PROBLEM DETAILS – Print the records below exactly, from the line containing "A cobble stone" down to the line containing "Let your little", both lines included, and omit every picture.

EXTRACTED DATA –
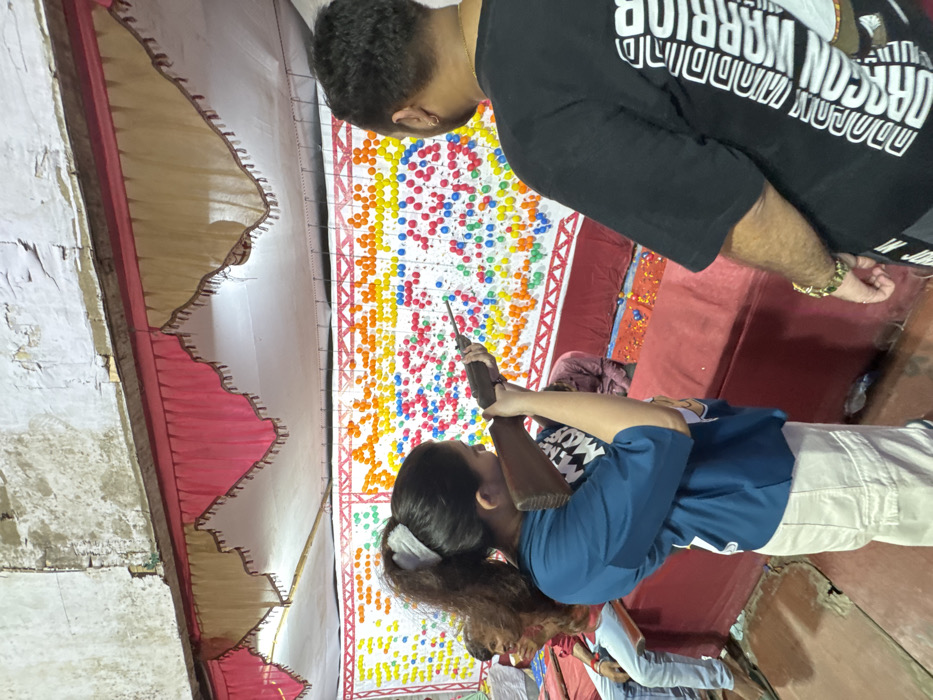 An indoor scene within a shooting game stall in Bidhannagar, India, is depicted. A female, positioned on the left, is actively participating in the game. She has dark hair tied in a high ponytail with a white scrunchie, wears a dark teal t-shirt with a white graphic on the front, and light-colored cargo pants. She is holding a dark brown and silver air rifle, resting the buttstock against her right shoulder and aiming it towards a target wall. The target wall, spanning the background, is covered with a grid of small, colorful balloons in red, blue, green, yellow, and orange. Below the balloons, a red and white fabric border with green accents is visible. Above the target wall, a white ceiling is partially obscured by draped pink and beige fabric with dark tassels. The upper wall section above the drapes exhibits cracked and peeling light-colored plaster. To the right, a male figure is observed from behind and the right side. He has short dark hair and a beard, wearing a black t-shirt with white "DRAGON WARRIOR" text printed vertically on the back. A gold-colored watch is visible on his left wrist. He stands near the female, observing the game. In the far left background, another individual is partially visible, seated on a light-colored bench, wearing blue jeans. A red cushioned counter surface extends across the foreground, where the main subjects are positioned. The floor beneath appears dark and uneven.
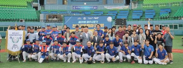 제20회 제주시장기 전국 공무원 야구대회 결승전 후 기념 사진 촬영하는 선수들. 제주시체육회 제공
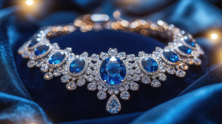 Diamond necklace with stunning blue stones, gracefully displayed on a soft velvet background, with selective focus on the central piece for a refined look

...

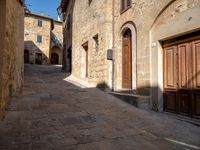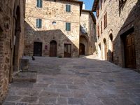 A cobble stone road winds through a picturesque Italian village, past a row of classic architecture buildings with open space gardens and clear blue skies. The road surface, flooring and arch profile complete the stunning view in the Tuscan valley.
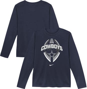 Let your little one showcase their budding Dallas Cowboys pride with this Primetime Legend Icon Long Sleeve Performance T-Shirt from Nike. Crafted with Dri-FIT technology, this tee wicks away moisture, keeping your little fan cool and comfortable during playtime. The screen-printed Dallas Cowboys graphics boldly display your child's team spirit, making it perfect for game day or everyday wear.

--

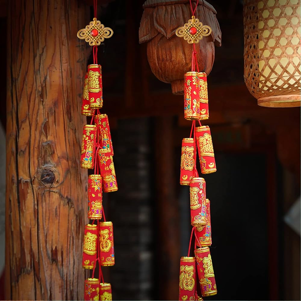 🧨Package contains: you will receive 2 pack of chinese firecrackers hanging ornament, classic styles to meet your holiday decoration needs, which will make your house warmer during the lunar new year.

RESPONSE AREA –
 A cobble stone road winds through a picturesque Italian village, past a row of classic architecture buildings with open space gardens and clear blue skies. The road surface, flooring and arch profile complete the stunning view in the Tuscan valley.
 Let your little one showcase their budding Dallas Cowboys pride with this Primetime Legend Icon Long Sleeve Performance T-Shirt from Nike. Crafted with Dri-FIT technology, this tee wicks away moisture, keeping your little fan cool and comfortable during playtime. The screen-printed Dallas Cowboys graphics boldly display your child's team spirit, making it perfect for game day or everyday wear.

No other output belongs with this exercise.